With market values of more than 300 billion U.S. dollars each, Alibaba and Tencent are now China's biggest companies, a stark contrast to just five years ago when no tech company even made the top 10.

Anyone seeking to decode the secrets behind the rise of the two stellar companies could do worse than just look around any Beijing subway carriage.Almost every passenger, young or old, white collar or construction worker, is very likely to have their eyes fixed on a smartphone screen.

And they are not just playing Tencent's popular game "Honor of Kings," or chatting with friends. They order groceries, transfer money, watch movies, read books, book holidays, or even manage their stock market portfolios.

As in many other areas of the economy, the scale and speed of the change in China's digital sector, the mobile internet in particular, is staggering.

Over 750 million Chinese, more than half the population, are now online, 96 percent of them via smartphone, according to the China Internet Network Information Center (CNNIC).

Mobile data traffic hit 9.4 billion gigabytes in 2016, more than ten times the amount in 2012. Data traffic by mobile phone in H1 this year was 8.9 billion gigabytes, more than double the same period last year.

This is perhaps the most dynamic mobile ecosystem in the world, and the epitome of "Chinese characteristics."

THE PRICE OF SUCCESS

The aggregate value of China's digital economy rose to 22.6 trillion yuan (about 3.4 trillion U.S. dollars) in 2016 from 18.6 trillion yuan the previous year.
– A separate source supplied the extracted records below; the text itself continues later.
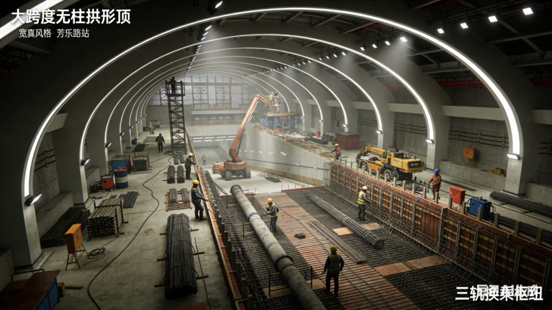车站位于芳乐路路口,沿联友路南北向布置,主体结构已完成封顶,目前正在进行换乘通道的施工。由于要预留多线换乘空间,车站设计采用了"大跨度无柱拱形顶"结构,施工难度不小。建设团队通过优化施工方案,采用"一次性模板支架 + 钢筋绑扎 + 跳仓浇筑"工艺,细化浇筑振捣工序,搭配自动水循环与无线测温系统,成功管控大体积混凝土水化热,杜绝了渗漏隐患。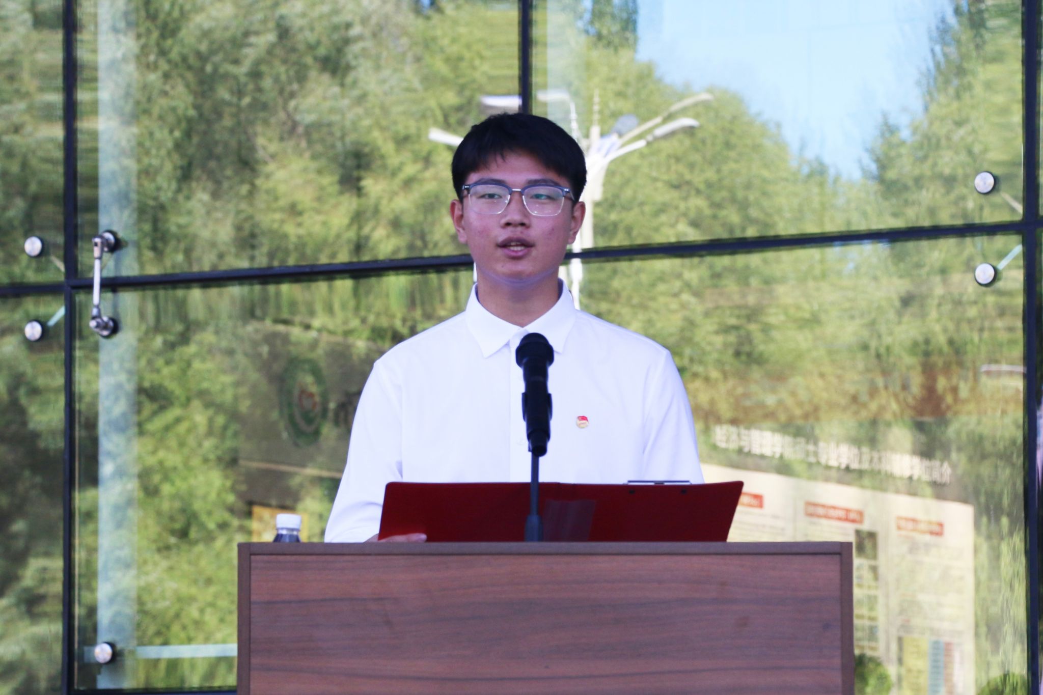 本科生新生代表、2025级物流管理专业刘桐瑞发言。他表示,在新征程上,要努力学习,积极进取,不断提升自己,为实现个人的梦想而拼搏,以优异的成绩回报学校的培养,在社会的舞台上绽放属于我们的光彩!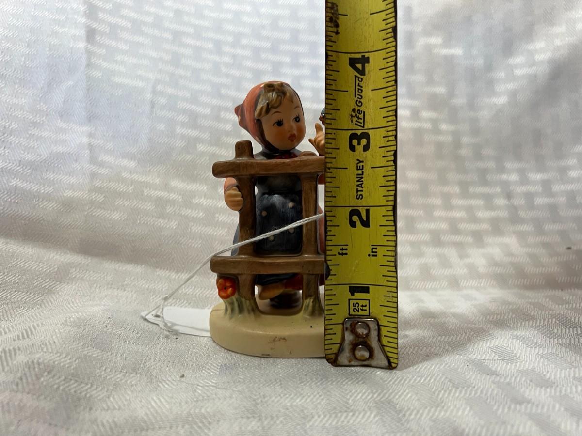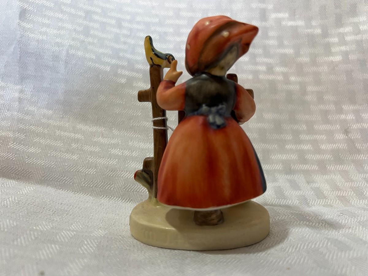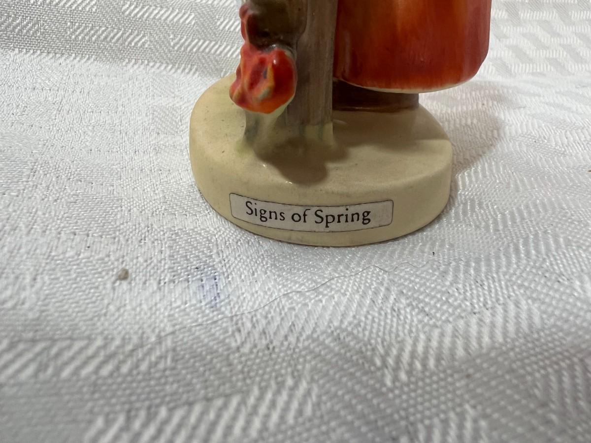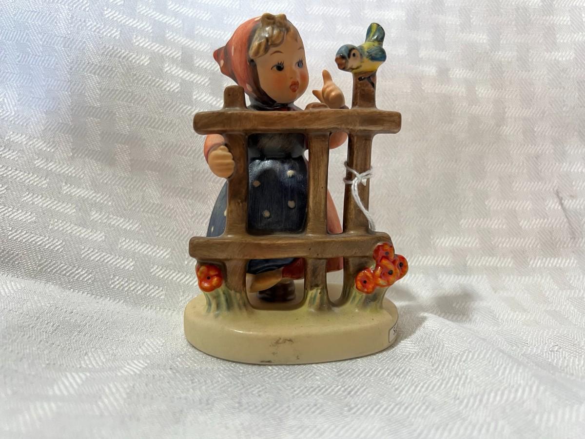 GIRL STANDING BY FENCE WITH BLUE BIRD "SIGNS OF SPRING" GOBEL W. GERMANY 3.5 INCHES M.J. HUMMEL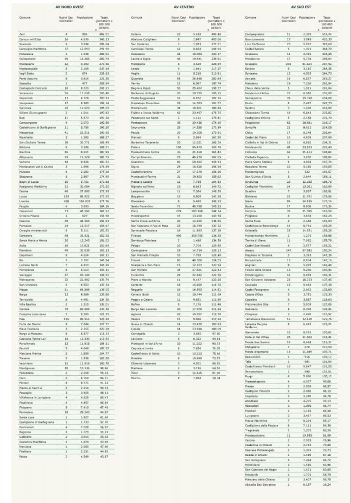 I comuni sono suddivisi per ASL e ordinati in base al tasso di nuovi positivi ogni 100mila abitanti in modo da porre subito l’attenzione delle stesse ASL, ospedali e comuni per i territori che riportano un significativo aumento dei casi.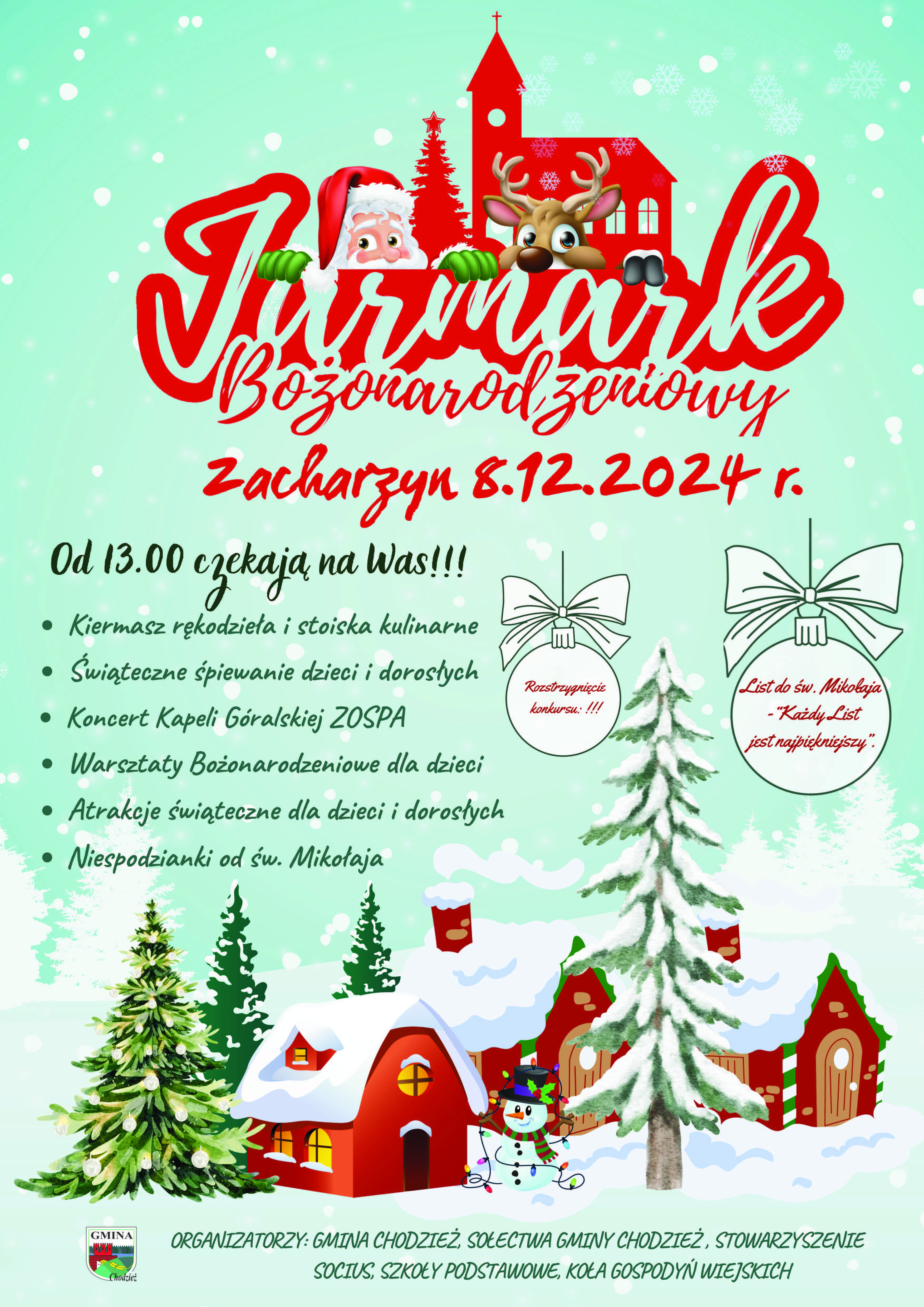 .Plakat informacyjny jarmark bożonarodzeniowy Zacharzyn 8.12.2024r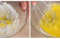 - Take 1/3 of egg whites and add into the egg yolk mixture. Whisk together (don’t worry too much about breaking air bubbles at this step).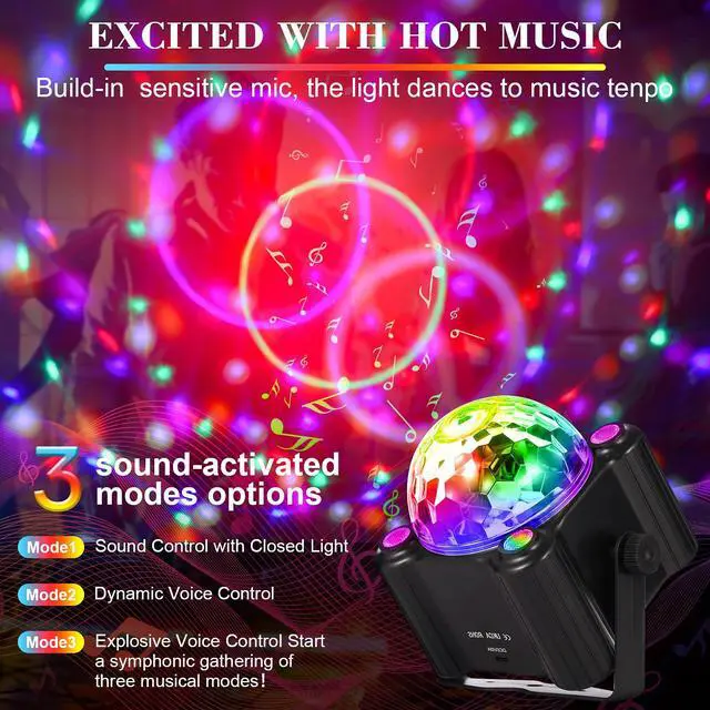 - GODENBA disco party light combines with 3 sound activated modes, 2 self-propelled modes and strobe light mode, you could adjust different lighting combinations according to the party at the time.

That's over 30 percent of GDP, according the China Academy of Information and Communications Technology.

This change to GDP structure exemplifies how far China's economy has come. Innovation and entrepreneurship are at the center of a new cosmos. It is easier than ever to set up a business, not just in terms of administrative procedures and government approval, but through a plethora of novel financing vehicles for start-ups.
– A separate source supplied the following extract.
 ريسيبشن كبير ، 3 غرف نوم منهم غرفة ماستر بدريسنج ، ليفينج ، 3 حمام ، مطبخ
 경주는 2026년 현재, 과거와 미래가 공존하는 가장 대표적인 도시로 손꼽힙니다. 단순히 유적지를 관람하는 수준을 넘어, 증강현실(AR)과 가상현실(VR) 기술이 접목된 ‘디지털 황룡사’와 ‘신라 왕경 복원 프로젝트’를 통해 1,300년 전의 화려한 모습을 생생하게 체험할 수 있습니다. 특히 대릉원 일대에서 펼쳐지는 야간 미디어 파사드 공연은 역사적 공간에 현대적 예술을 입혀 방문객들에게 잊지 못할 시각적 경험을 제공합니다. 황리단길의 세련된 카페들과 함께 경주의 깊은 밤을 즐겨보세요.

Behind policy documents and bold statements lies a world-class information infrastructure. Since 2015, internet speeds have risen relentlessly and data charges have fallen in tandem. There are now 888 million 4G users in China.

In January, a 100 billion yuan fund was established to support the internet sector and it was announced that 1.2 trillion yuan would be spent by 2018 on information infrastructure.

MOBILE EVERYTHING

While companies that invest heavily in research and talent are reaping a fine e-harvest, ordinary people are sharing the bounty. Every day, life gets easier, faster and, very often, cheaper.

Ms. Sun from Beijing is a busy woman, but house-proud and concerned by stubborn kitchen stains and ice buildups in her freezer. Now, she has an app on her phone that brings professional cleaners to her door who solve her problems in no time at all. "It saves me time and energy," she said.

The mobile internet is breeding new professions and new industries with tailored services only a few taps away. The digitalized lifestyle is the real new normal: mobile payments, mobile entertainment, mobile socializing and even mobile "officing."

More than half a billion people now make mobile payments of some description, with 463 million using their phones to pay for ordinary daily purchases in shops and markets, according to CNNIC.

Over 270 million people are using apps simply to order meals, over 40 percent more than at the beginning of the year.

In 2016, over 157 trillion yuan changed hands via mobile payments, almost 50 percent more than in 2015, the People's Bank of China said.

FOREIGN BEES SEEK CHINESE HONEY

As for-hire bikes flood city streets and cashless diners pay for meals by phone, the digital economy just keeps expanding, and foreign firms have noticed.

Apple is desperate for a bigger slice of the mobile payment market dominated by WeChat and Alipay. In July, Apple Pay launched its biggest marketing campaign since entering China, offering perks including up to 50 percent discounts on purchases for a week.

Total online retail sales reached 3.1 trillion yuan in H1, a third more than a year before and, while Chinese firms Alibaba and JD.com dominate, U.S. rival Amazon is making inroads.

In June, Amazon partnered with Migu, a China Mobile subsidiary with one of the country's largest mobile reading platforms, to create a new Kindle exclusively for Chinese readers.

On Black Friday last year, sales at Amazon China were double the previous year's. The number of cross-border shoppers using the site has risen 22-fold in just two years.